Repeat all of the data below word for word, keeping no images.

Data records:

╔══

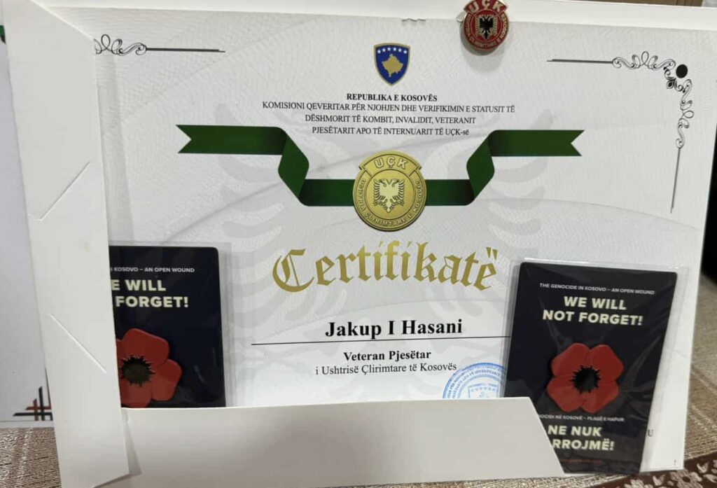 Po ashtu, Agush Buja ia ka dorëzuar bashkëshortes së tij, Lirije Hasani, edhe Certifikatën e Veteranit, me të cilën Jakup Hasani nderohet si pjesëtar i Ushtrisë Çlirimtare të Kosovës (UÇK).
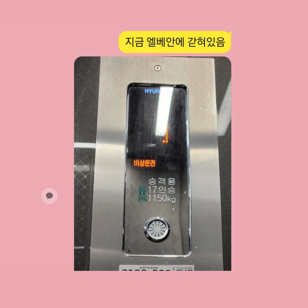 “아니요. 엘리베이터 안에 사람이 갇혔어요.”
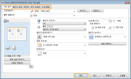 인쇄 기본 설정 화면에서 설정을 변경하고 [확인]을 클릭합니다.
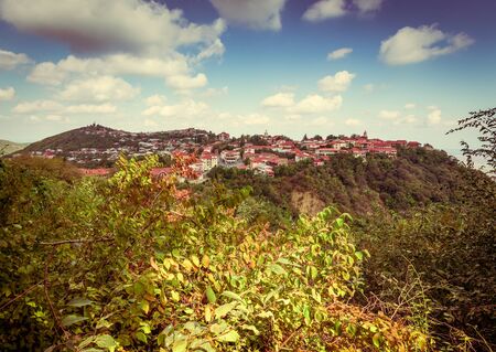 View to Sighnaghi (Signagi) old town in Kakheti region, Georgia. Toned picture
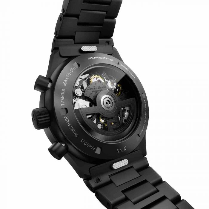 Porsche Design will make the watch’s 40.8mm case and bracelet with the same high-performance titanium it uses in nearly all Porsche Design timepieces today. And new SuperLuminova will enhance the watch’s visibility in the dark. All Porsche Design Timepieces are produced in-house at Porsche Design Timepieces AG, the brand’s own timepiece-manufacturing facility in Solothurn, Switzerland.
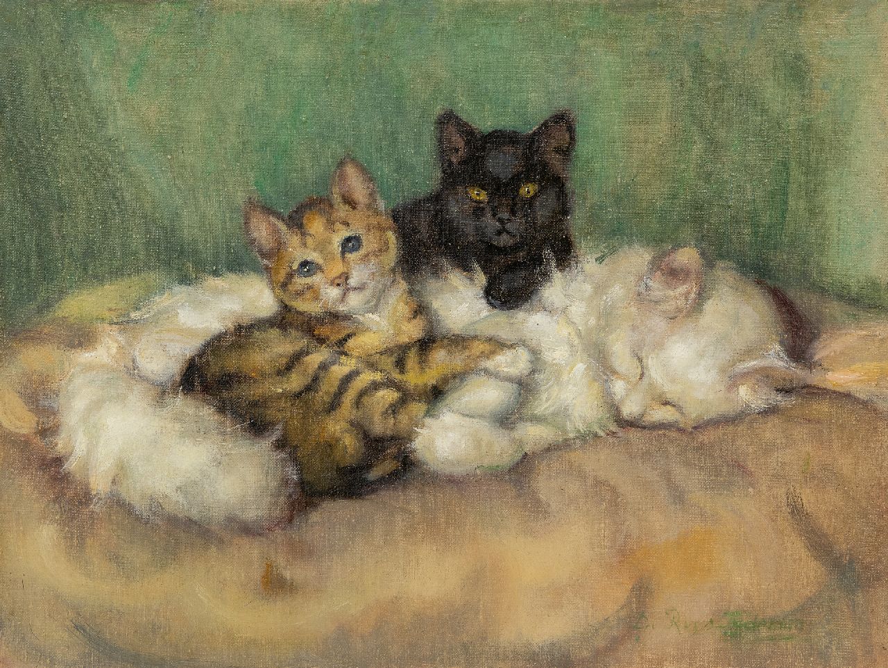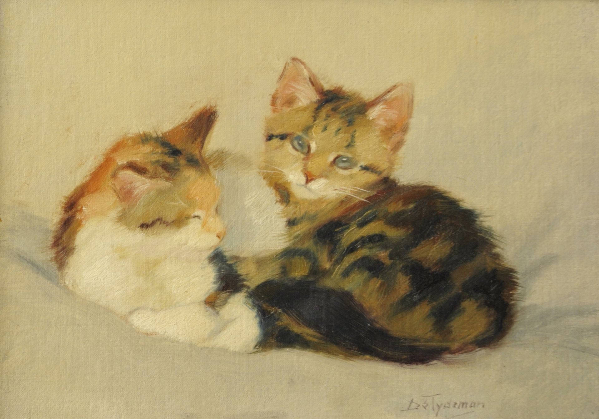 Dé Tijdeman Kunstwerk • Gemälde • zuvor zu verkaufen Zwei Kätzchen
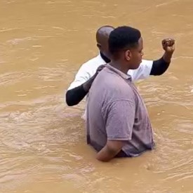 A brother answered the call of the Lord and entered the muddy waters in Rwanda to be baptized in the Name of the Lord Jesus Christ.
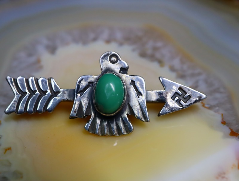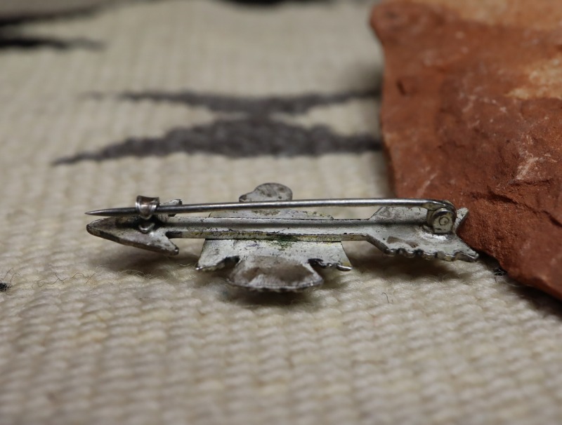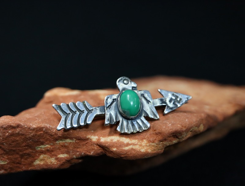 【Fred Harvey Style】フレッド・ハービースタイルや【Tourist Jewelry】ツーリストジュエリーと呼ばれる、20世紀前半頃にアメリカ中西部の観光客向けに制作されたスーベニアアイテム(土産物)の一つ。【卍】Whirling Log/Nohokosのスタンプが刻まれたアローと、小さなサンダーバードが一体となったキャッチーで愛らしいデザインのアンティーク/ビンテージピンブローチです。
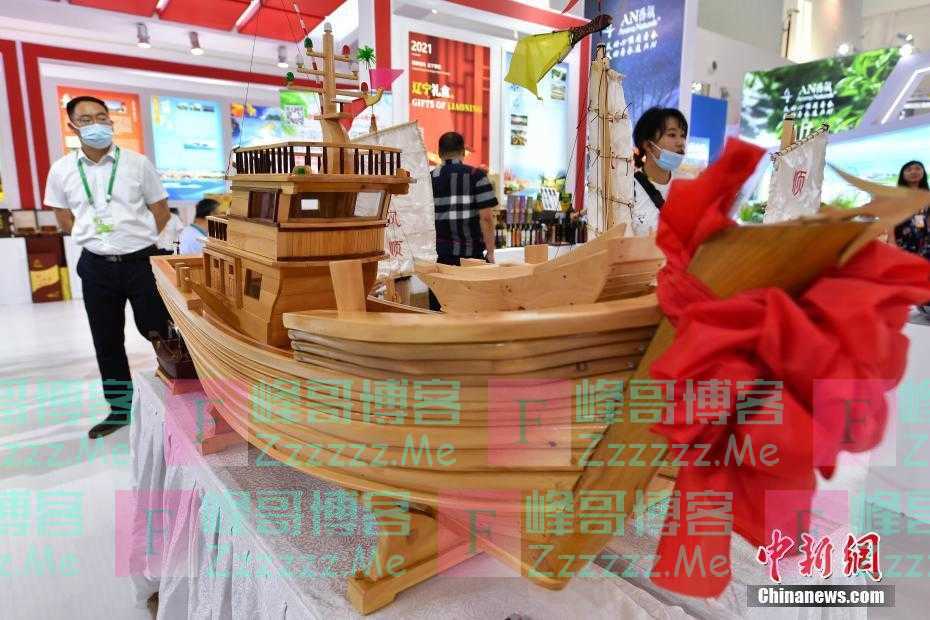 本文转自【中国新闻网】; 辽宁馆中展出的盘锦远航船厂制作的木制船模。 中新社记者 崔楠 摄

╚══

* _Finished task_:
 Po ashtu, Agush Buja ia ka dorëzuar bashkëshortes së tij, Lirije Hasani, edhe Certifikatën e Veteranit, me të cilën Jakup Hasani nderohet si pjesëtar i Ushtrisë Çlirimtare të Kosovës (UÇK).
 “아니요. 엘리베이터 안에 사람이 갇혔어요.”
 인쇄 기본 설정 화면에서 설정을 변경하고 [확인]을 클릭합니다.
 View to Sighnaghi (Signagi) old town in Kakheti region, Georgia. Toned picture
 Porsche Design will make the watch’s 40.8mm case and bracelet with the same high-performance titanium it uses in nearly all Porsche Design timepieces today. And new SuperLuminova will enhance the watch’s visibility in the dark. All Porsche Design Timepieces are produced in-house at Porsche Design Timepieces AG, the brand’s own timepiece-manufacturing facility in Solothurn, Switzerland.
 Dé Tijdeman Kunstwerk • Gemälde • zuvor zu verkaufen Zwei Kätzchen
 A brother answered the call of the Lord and entered the muddy waters in Rwanda to be baptized in the Name of the Lord Jesus Christ.
 【Fred Harvey Style】フレッド・ハービースタイルや【Tourist Jewelry】ツーリストジュエリーと呼ばれる、20世紀前半頃にアメリカ中西部の観光客向けに制作されたスーベニアアイテム(土産物)の一つ。【卍】Whirling Log/Nohokosのスタンプが刻まれたアローと、小さなサンダーバードが一体となったキャッチーで愛らしいデザインのアンティーク/ビンテージピンブローチです。
 本文转自【中国新闻网】; 辽宁馆中展出的盘锦远航船厂制作的木制船模。 中新社记者 崔楠 摄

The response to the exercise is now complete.